CAPT: Confusion-Aware Prompt Tuning for Reducing Vision-Language Misalignment

TL;DR

A Confusion Bank is constructed to explicitly model stable confusion relationships across categories and misclassified samples, and a Multi-Granularity Difference Expert module is designed to jointly leverage semantic- and sample-level experts for more robust confusion-aware reasoning.

Abstract

Vision-language models like CLIP have achieved remarkable progress in cross-modal representation learning, yet suffer from systematic misclassifications among visually and semantically similar categories.
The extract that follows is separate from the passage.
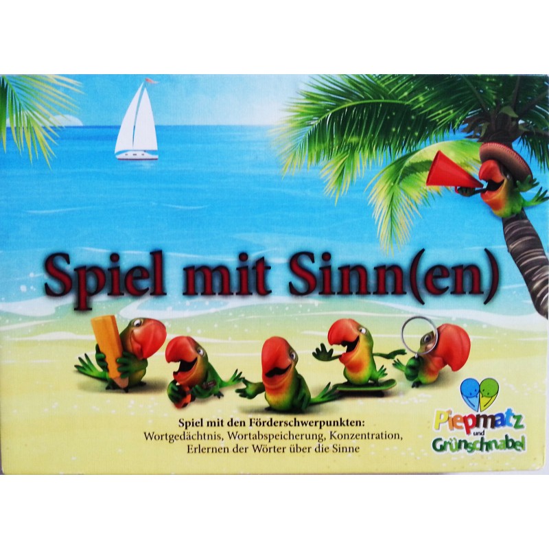 Spielregeln Der jüngste Spieler beginnt und legt beide Kartenstapel (Auftragskarten undGrundwortschatzkarten) verdeckt vor sich hin.Die Belohnungschips, sowie die Sanduhr nimmt sich der linke Spielnachbar. Wenn der Spieler, der am Zug und bereit ist, wird die Sanduhr umgedreht.Der Spieler nimmt zugleich je eine Karte von beiden Stapeln. Er dreht diese um und führt den Auftrag zum gezogenen Wort durch. Wenn er damit fertig ist, legt er die Auftragskarte beiseite und zieht eine weitere. Dies macht er so lange bis die Sanduhr abgelaufen ist. Das Wort bleibt dabei immer das Gleiche. Während des Spieles kontrollieren alle Mitspieler, ob der Spieler die Aufgaben richtig löst.Eine Auftragskarte, die nicht fertig ausgeführt wurde, wird nicht bewertet. Danach werden die jeweiligen Punkte, die sich rechts unten bei der Schatzkiste auf den Auftragskarten befinden, zusammengezählt und durch Belohnungschips getauscht. Alle gezogenen Karten werden wieder unter den jeweiligen Kartenstapel gelegt und mit der Sanduhr im Uhrzeigersinn an den nächsten Spieler weiter gereicht.Kann ein Auftrag auch nach langem Überlegen nicht ausgeführt werden, darf die Karte zurückgelegt und eine neue Auftragskarte gezogen werden. Ende des Spieles Nach vier Runden werden die Punkte der Belohnungschips zusammengezählt. Der Spieler mit den meisten Punkten gewinnt. Wissenswertes zu den Auftragskarten: -Klatsche das Wort in Silben: Die Kontrolle der richtigen Silbenanzahl, befindet sich auf der jeweiligen Wortkarte links unten. (1 – 3 Silben) -Baue das Wort mit Plastilin: Jeder Buchstabe des gezogenen Wortes wird mit Hilfe von Plastilin geformt und auf dem Tisch dargestellt. -Finde einen Gegenstand im Raum mit dem gleichen Anfangsbuchstaben vom gezogenen Wort: z.B.: gezogenes Wort ist „schnell“ – im Raum befinden sich „Schuhe“ – Beide Wörter beginnen mit „s“. -Finde einen Gegenstand im Raum mit den zwei gleichen Anfangsbuchstaben vom gezogenen Wort: z.B. gezogenes Wort ist „Baum“ – im Raum befindet sich ein „Ball“ – Beide Wörter beginnen mit „Ba“. -Lautiere das Wort vorwärts bzw. Lautiere das Wort rückwärts: Die Buchstaben des gezogenen Wortes werden nicht buchstabiert („be“, „ef“, „el“), sondern mit dem entsprechenden Laut („b“, „e“, „l“) gesprochen. Der Spieler darf entscheiden, ob er die Karte dabei ansehen möchte. Dafür gibt es jedoch einen Punkt Abzug. -Buchstabiere das Wort einmal vorwärts und rückwärts: Die Buchstaben des gezogenen Wortes werden buchstabiert („be“, „ef“, „el“). Der Spieler darf entscheiden, ob er die Karte dabei ansehen möchte. Dafür gibt es jedoch einen Punkt Abzug. -Sprich das Wort einmal mit hoher und einmal mit tiefer Stimme aus: Hierbei wird die Stimmlage bei der Aussprache dementsprechend verändert. -Sprich das Wort einmal traurig und einmal fröhlich aus: Dabei wird die Mimik des Gesichtes dementsprechend verändert. -Finde passende Reimwörter: Hierbei soll ein Reimwort gefunden werden. Z.B.: gezogenes Wort „muss“ – passendes Reimwort ist „Kuss“. Kann ein Auftrag auch nach langem Überlegen nicht ausgeführt werden, darf die Karte zurückgelegt und eine neue Wortkarte gezogen werden. -Schreibe das Wort dreimal auf: Das Wort wird ohne Abschreiben auf das vorbereitete Blatt Papier dreimal aufgeschrieben. -Schreibe das Wort in der Luft oder auf den Rücken eines anderen Spielers: Das gezogene Wort wird mit dem Finger am Rücken eines Mitspielers oder in der Luft geschrieben. Dabei muss es nicht erkannt werden. -Schreibe das Wort auf und baue es ab und auf:z.B.: „Haus“HHaHauHausHauHaH -Schreibe das Wort rückwärts auf: z.B.: gezogenes Wort „noch“ - aufgeschriebenes Wort „hcon“. -Pantomime oder das Wort umschreiben: Wenn die Auftragskarte mit dem Papagei auf dem Skateboard kommt, muss ein neues Wort gezogen werden. Nur der Spieler, der am Zug ist, darf das neue Wort sehen. Hierbei muss das Wort pantomimisch dargestellt bzw. umschrieben werden. (Pantomime bedeutet, den Mitspielern etwas zu erklären, ohne dazu seine Sprache zu gebrauchen. Es muss also ausschließlich mittels Bewegungen, Gesten, Gesichtsausdrücke etc. geschehen. Beim Umschreiben muss das gesuchte Wort erklärt werden, ohne es auszusprechen. Z.B: „warm“ – das Gegenteil „kalt“). Kann ein Auftrag auch nach langem Überlegen nicht ausgeführt werden, darf die Karte zurückgelegt und eine neue Auftragskarte gezogen werden. Diese Karte wird nicht bewertet. Die Mitspieler müssen das Wort erkennen bzw. erraten können. Sobald jemand aus der Gruppe das Wort erkennt, darf der Spieler, der am Zug ist, die nächste Karte vom Grundwortschatzkartenstapel und eine vom Auftragskartenstapel ziehen.| Sprache | Deutsch |

We observe that such confusion patterns are not random but persistently occur between specific category pairs, revealing the model's intrinsic bias and limited fine-grained discriminative ability. To address this, we propose CAPT, a Confusion-Aware Prompt Tuning framework that enables models to learn from their own misalignment. Specifically, we construct a Confusion Bank to explicitly model stable confusion relationships across categories and misclassified samples. On this basis, we introduce a Semantic Confusion Miner (SEM) to capture global inter-class confusion through semantic difference and commonality prompts, and a Sample Confusion Miner (SAM) to retrieve representative misclassified instances from the bank and capture sample-level cues through a Diff-Manner Adapter that integrates global and local contexts. To further unify confusion information across different granularities, a Multi-Granularity Difference Expert (MGDE) module is designed to jointly leverage semantic- and sample-level experts for more robust confusion-aware reasoning. Extensive experiments on 11 benchmark datasets demonstrate that our method significantly reduces confusion-induced errors while enhancing the discriminability and generalization of both base and novel classes, successfully resolving 50.72 percent of confusable sample pairs. Code will be released at https://github.com/greatest-gourmet/CAPT.
Paper Structure (20 sections, 13 equations, 11 figures, 12 tables)

This paper contains 20 sections, 13 equations, 11 figures, 12 tables.

Figures (11)

  • Figure 1: Heatmap of model misclassifications shows certain categories are consistently and frequently mispredicted as specific others, e.g., in OxfordPets, terrier is misclassified as bulldog 30 times while rarely being mistaken for other classes. CAPT significantly reduces such confusion rates, thereby improving overall accuracy.
  • Figure 2: Overview of CAPT. By matching feature representations, we first employ a Semantic Confusion Miner (SEM) that, together with statistics from the Confusion Bank, identifies Semantic Confusion Pairs and generates both commonality and difference prompts. Subsequently, the Sample Confusion Miner (SAM) locates the most representative confusing samples based on these pairs and extracts their Sample Confusion Feature via the Diff-Manner Adapter. Finally, the Multi-Granularity Discrepancy Expert (MGDE) module integrates semantic and sample level confusion information for unified representation refinement. Framework of MGDE is shown in Figure \ref{['fig:mgde']}.
  • Figure 3: Overview of Multi-Granularity Discrepancy Expert. MGDE integrates semantic and sample level experts to fuse dual confusion cues, reinforced by random vectors and specific initialization to enhance confusion learning in prompt tuning.
  • Figure 4: Correction Rate of misclassified samples stored in Confusion Bank.
  • Figure 5: Grad-Cam of the effects of Diff-Manner Adapter, only using the global part, the local part, and the whole.